In the beginning, there was MFC. For developers wanting to write robust, fast, and flexible double-clickable Windows applications, MFC was the framework of choice. As a class-based framework, MFC made it easier to create applications. Using MFC is far easier than using the raw API.
Over the years, MFC has matured into a popular framework. However, like a snowball growing as it careens down a mountainside, MFC has managed to gain a lot of weight over the years. In addition, MFC is tightly coupled to itself. For example, buying into one part of the framework architecture often means investing one's development attention towards other parts of the framework that might cloud the issues involving the task at hand. For instance, electing to use MFC's Object Linking and Embedding support means using MFC's Document/View architecture.
Then while MFC was maturing, the Component Object Model became a prominent fixture within the Windows software development community, spurring the development of a framework named the Active Template Library (ATL).
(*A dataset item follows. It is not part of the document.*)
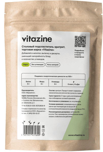 Vitazine Подсластитель столовый «Эритрит»-20% +104

While ATL is mostly useful for writing COM servers very quickly, the addition of ActiveX Control Support to ATL in 1997 introduced a windowing framework within ATL.
For developers wishing to build single, double-clickable applications, MFC provides a complete framework. On the other hand, ATL is poised as a potential application development framework for lighter-weight applications. The only problem is that ATL's windowing support is oriented toward controls and not toward whole applications. Developers wishing a smaller, more modern, templatized approach to Windows development can use ATL combined with the Stingray Foundation Library (SFL) classes.